``Workhorse'' function for vectorized (in σ) computation of both the bias estimator and the scaled variance estimator of eq. (2.3) in Srihera & Stute (2011), and for the analogous computation of the bias and scaled variance estimator for the rank transformation method in the paragraph after eq. (6) in Eichner & Stute (2013).
Ai: Numeric vector expecting (x0−X1,…,x0−Xn)/h, where (usually) x0 is the point at which the density is to be estimated for the data X1,…,Xn with h=n−1/5.
Bj: Numeric vector expecting (−J(1/n),…,−J(n/n)) in case of the rank transformation method, but c("(hattheta−X1,\n", "ldots,hattheta−Xn)") in case of the non-robust Srihera-Stute-method. (Note that this the same as argument Bj of adaptive_fnhat!)
h: Numeric scalar, where (usually) h=n−1/5.

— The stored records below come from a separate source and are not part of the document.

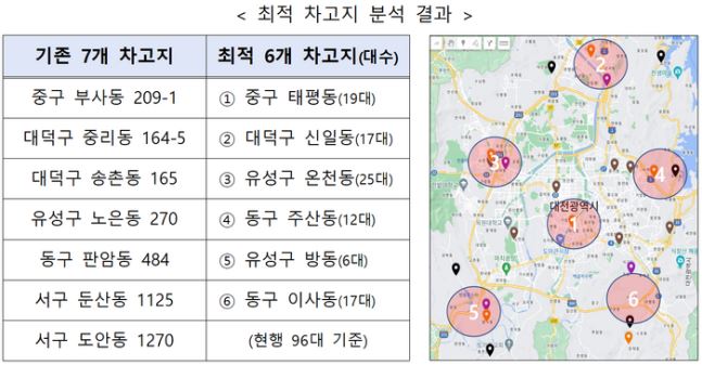 또 대전시에서 운영한 7개 차고지 위치 적절성도 검증해 새로운 차고지 6개를 제안했다.
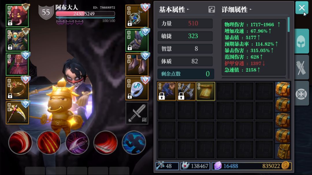 发这种贴真麻烦,还是喜欢那种简单(装逼)的帖子,实力不允许啊!废话不多说下面分享 打30boss站撸是完全没问题的,但要注意一点频繁受到伤害不要直接干死boss,不然剧情可能掉血而亡 没啥好讲的,机制大家都懂进入正题(加载太慢32boss就不放了,需要可以私我,25boss几秒的事) 磨盘,初始适合跑图,旋转成爆潜跟刃护体(关键就在这儿刃护体直接将我的伤害从70万+一度飚到110万+) 虽然相比之
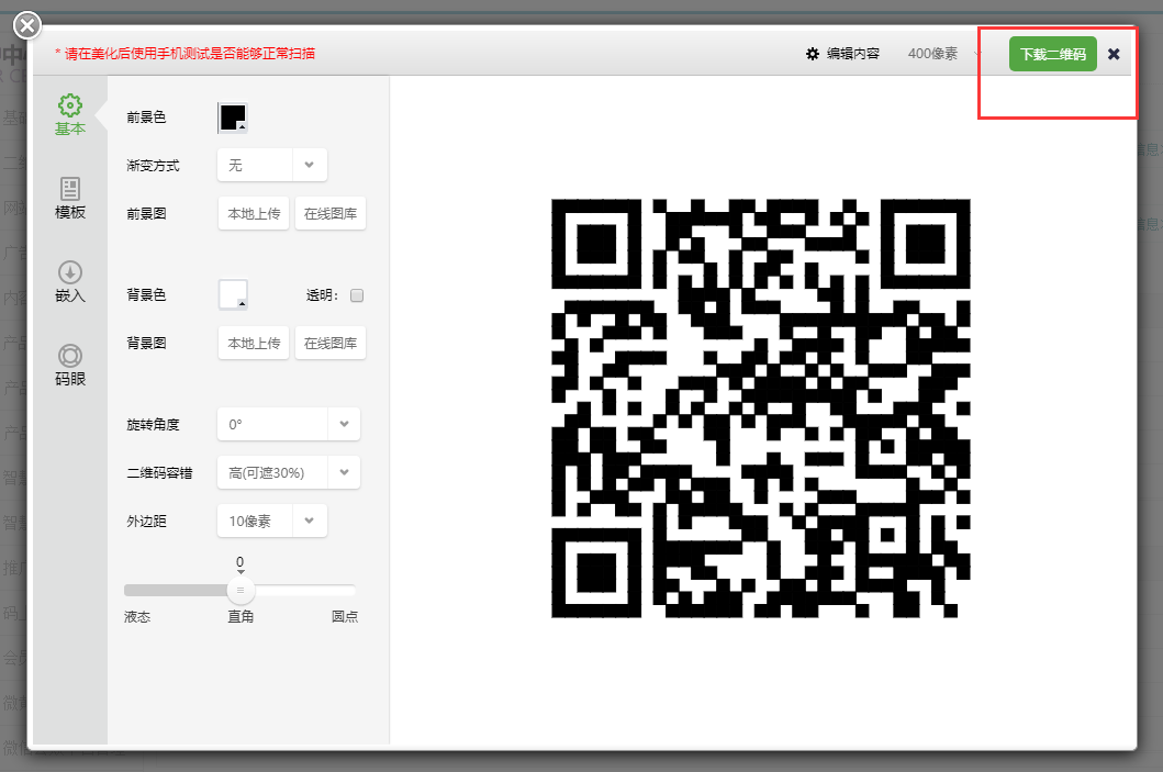 或者 高級(jí)美化中,點(diǎn)擊下載二維碼
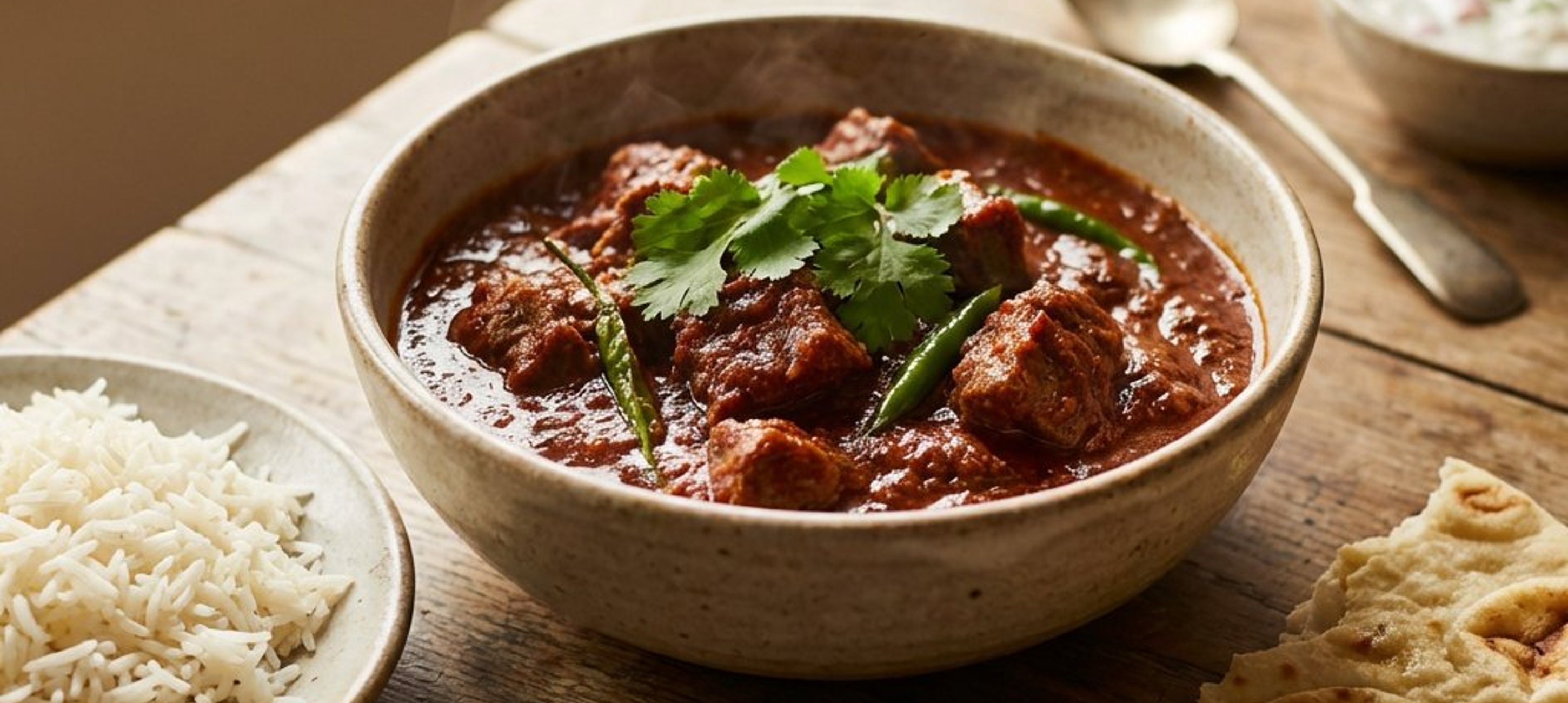 - 3Das fertige Curry mit frischem Koriander garnieren und zusammen mit dem Reis und dem Naan-Brot servieren.

K: Kernel function with vectorized in- & output.
fnx: fn(x0)=mean(K(Ai))/h, where here typically h=n−1/5.
ticker: Logical; determines if a 'ticker' documents the iteration progress through sigma. Defaults to FALSE.
Returns
A list with components BiasHat and VarHat.scaled, both numeric vectors of same length as sigma.
Details
Pre-computed fn(x0) is expected for efficiency reasons (and is currently prepared in function adaptive_fnhat).